** MATERIAL PROVIDED follows **

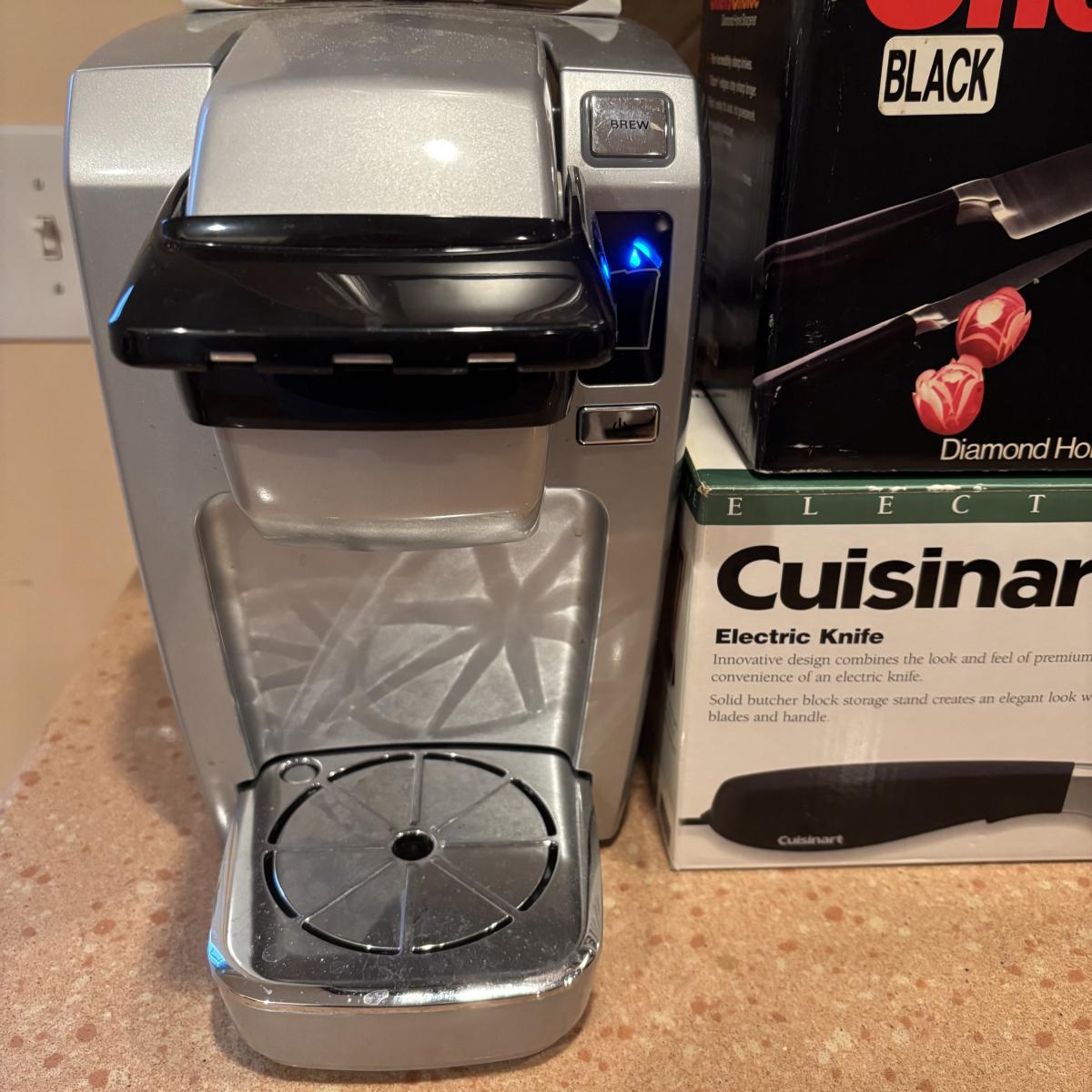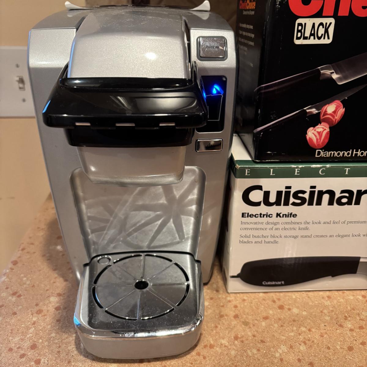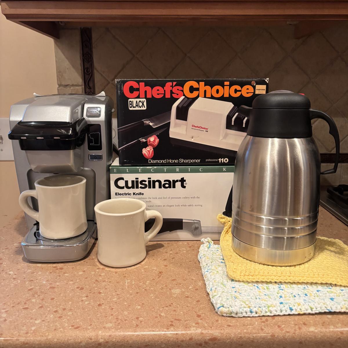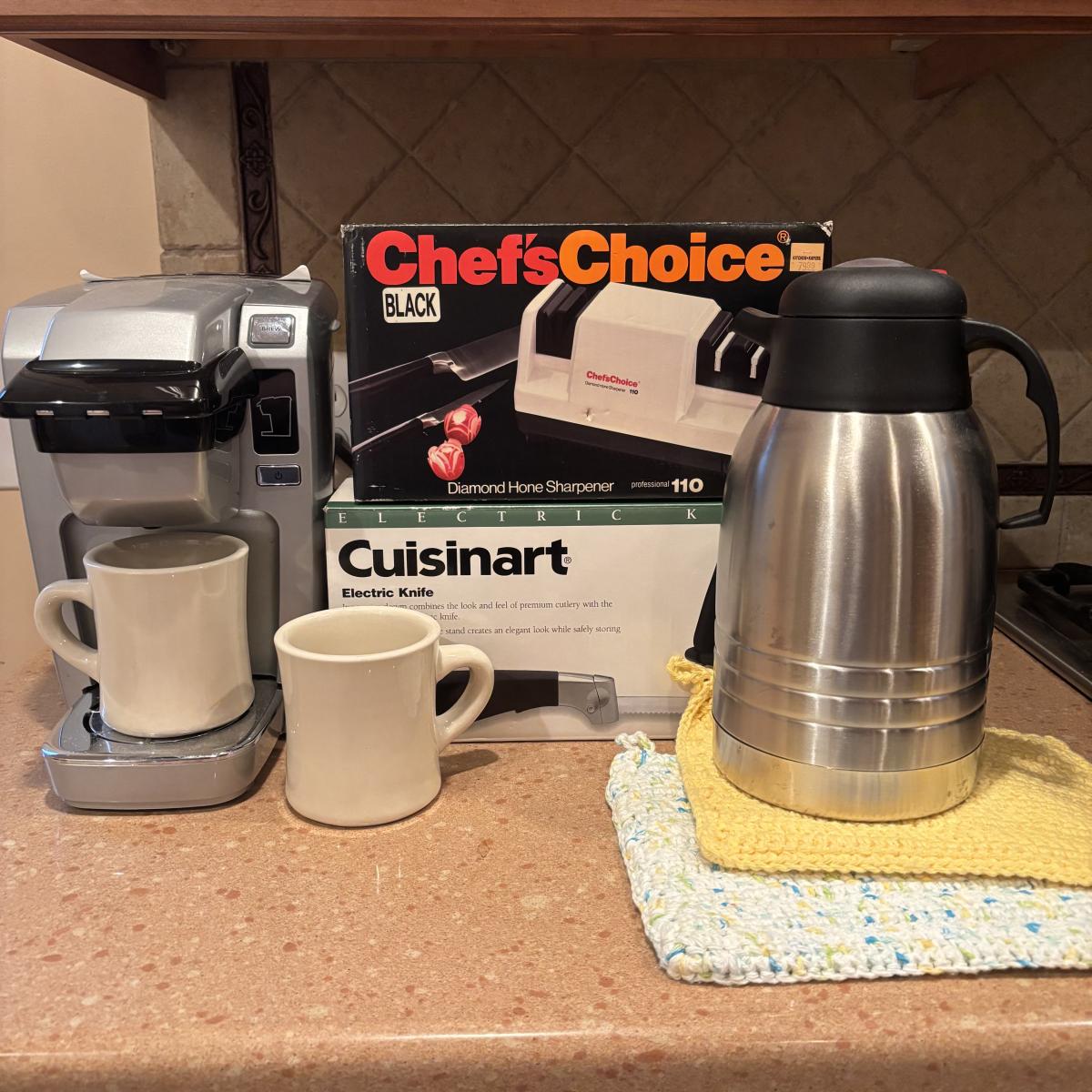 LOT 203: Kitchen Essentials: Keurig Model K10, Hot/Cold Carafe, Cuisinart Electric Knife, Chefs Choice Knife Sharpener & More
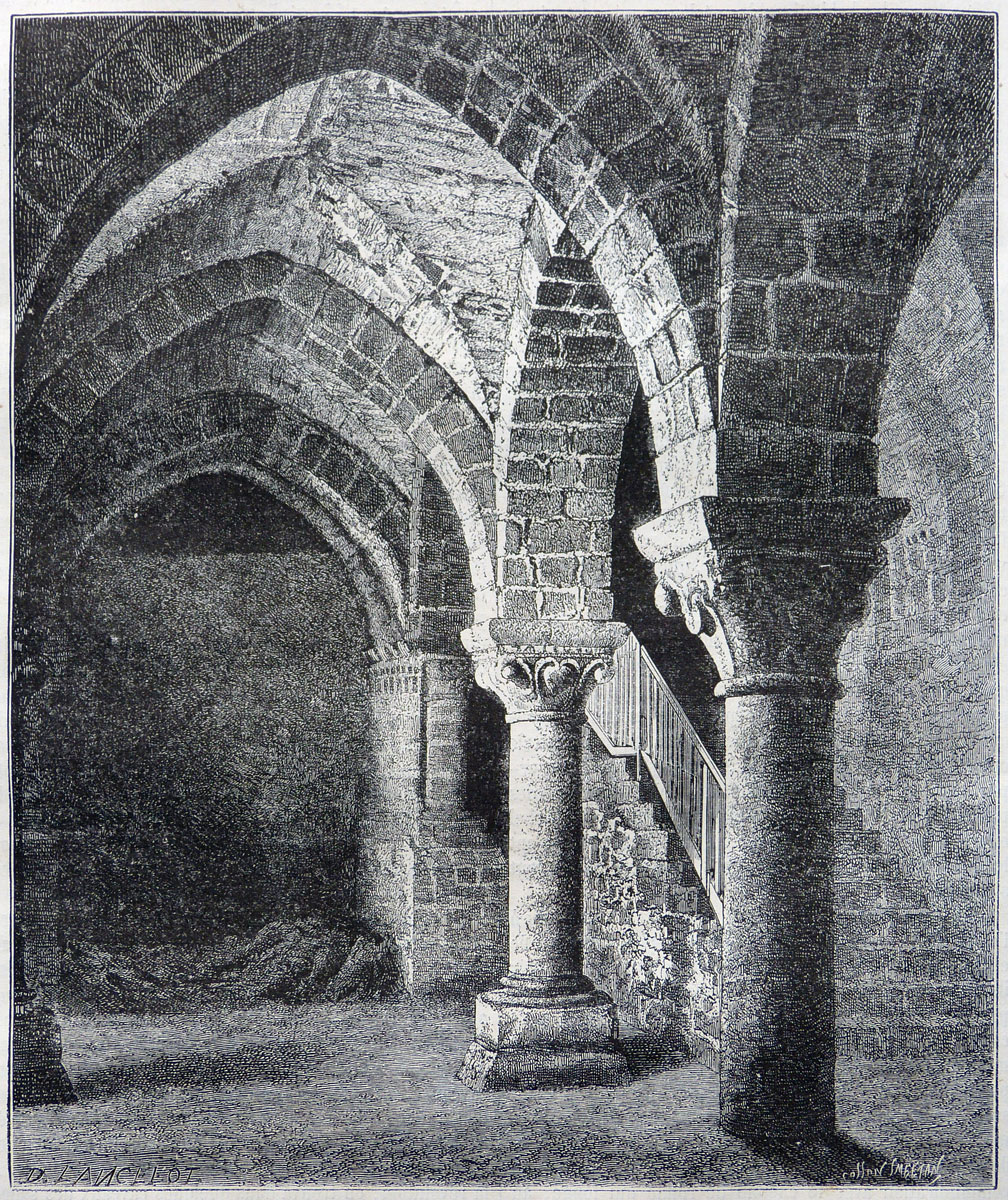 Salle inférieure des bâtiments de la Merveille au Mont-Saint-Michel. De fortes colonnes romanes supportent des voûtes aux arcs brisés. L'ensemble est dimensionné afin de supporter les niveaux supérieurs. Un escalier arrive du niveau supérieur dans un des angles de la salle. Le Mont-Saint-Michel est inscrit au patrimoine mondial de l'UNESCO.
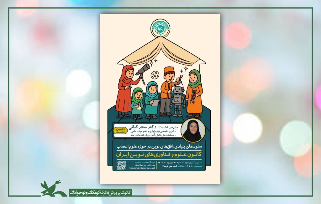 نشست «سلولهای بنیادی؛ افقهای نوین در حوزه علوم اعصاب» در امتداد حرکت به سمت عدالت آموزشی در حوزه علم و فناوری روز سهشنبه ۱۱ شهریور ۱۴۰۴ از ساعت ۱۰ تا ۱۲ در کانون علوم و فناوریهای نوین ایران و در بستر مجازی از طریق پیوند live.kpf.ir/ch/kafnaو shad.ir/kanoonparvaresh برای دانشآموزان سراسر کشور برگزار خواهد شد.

** End of MATERIAL PROVIDED **

## HOW TO COMPLETE THIS TASK
Output the material above exactly, without pictures.

## REPLY TO THE EXERCISE
 LOT 203: Kitchen Essentials: Keurig Model K10, Hot/Cold Carafe, Cuisinart Electric Knife, Chefs Choice Knife Sharpener & More
 Salle inférieure des bâtiments de la Merveille au Mont-Saint-Michel. De fortes colonnes romanes supportent des voûtes aux arcs brisés. L'ensemble est dimensionné afin de supporter les niveaux supérieurs. Un escalier arrive du niveau supérieur dans un des angles de la salle. Le Mont-Saint-Michel est inscrit au patrimoine mondial de l'UNESCO.
 نشست «سلولهای بنیادی؛ افقهای نوین در حوزه علوم اعصاب» در امتداد حرکت به سمت عدالت آموزشی در حوزه علم و فناوری روز سهشنبه ۱۱ شهریور ۱۴۰۴ از ساعت ۱۰ تا ۱۲ در کانون علوم و فناوریهای نوین ایران و در بستر مجازی از طریق پیوند live.kpf.ir/ch/kafnaو shad.ir/kanoonparvaresh برای دانشآموزان سراسر کشور برگزار خواهد شد.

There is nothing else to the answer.